The next play was a simple country love-story, in which figured a simple country maiden wooed by the squire, who was marked out as the villain by his moustachios.

After many adventures the simple country maiden was won by a simple country son of the soil in picturesque rustic attire, whose emotions were faithfully portrayed by gestures that must have required much gymnastic skill; the villain was finally shown languishing in a prison cell, still indulging in frequent eye-brow play.

Next came another love-story — this time of a noble-hearted couple, consumed with mutual passion and kept apart not only by a series of misunderstandings possible only in a picture play, but also by maidenly pride and reserve on the part of the heroine and manly pride and reserve on the part of the hero that forced them to hide their ardour beneath a cold and haughty exterior. The heroine’s brother moved through the story like a good fairy, tender and protective towards his orphan sister and ultimately explained to each the burning passion of the other.

It was moving and touching and William was moved and touched.

The next was a comedy. It began by a solitary workman engaged upon the re-painting of a door and ended with a miscellaneous crowd of people, all covered with paint, falling downstairs on top of one another. It was amusing. William was riotously and loudly amused.

Lastly came the pathetic story of a drunkard’s downward path. He began as a wild young man in evening clothes drinking intoxicants and playing cards, he ended as a wild old man in rags still drinking intoxicants and playing cards. He had a small child with a pious and superior expression, who spent her time weeping over him and exhorting him to a better life, till, in a moment of justifiable exasperation, he threw a beer bottle at her head. He then bedewed her bed in Hospital with penitent tears, tore out his hair, flung up his arms towards Heaven, beat his waistcoat, and clasped her to his breast, so that it was not to be wondered at that, after all that excitement, the child had a relapse and with the words “Good-bye, Father. Do not think of what you have done. I forgive you,” passed peacefully away.

William drew a deep breath at the end, and still sucking, arose with the throng and passed out.

Once outside, he glanced cautiously around and slunk down the road in the direction of his home.
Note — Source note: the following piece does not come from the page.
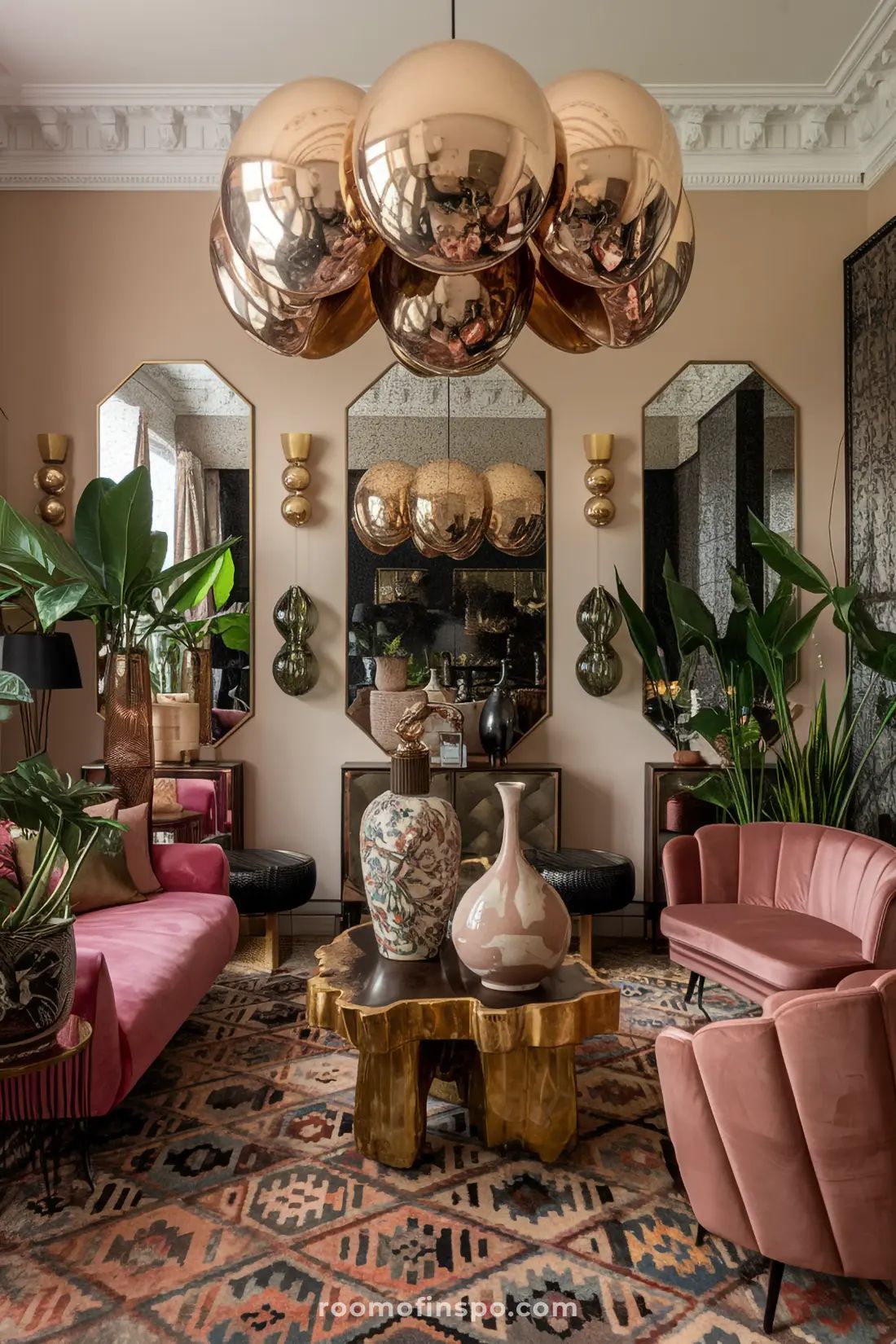 •Espejos grandes y lámparas de diseño como puntos focales.

Then he doubled suddenly and ran down a back street to put his imaginary pursuers off his track. He took a pencil from his pocket and, levelling it at the empty air, fired twice. Two of his pursuers fell dead, the rest came on with redoubled vigour. There was no time to be lost. Running for dear life, he dashed down the next street, leaving in his wake an elderly gentleman nursing his toe and cursing volubly. As he neared his gate, William again drew the pencil from his pocket and, still looking back down the road, and firing as he went, he rushed into his own gateway …

Comments: Richmal Crompton (1880-1969) was a British writer, best known for her series of Just William books, featuring the 11-year-old schoolboy William Brown. The first volume, Just William, from which the above extract comes (the opening to chapter one, ‘William Goes to the Pictures’) was published in 1922. The description of a picture palace show reads more like a pre-war programme of short films than a standard 1922 film show. The story continues with William applying the lessons he has learned from seeing the films to real life, with chaotic results. My thanks to Adam Ganz for suggesting this entry.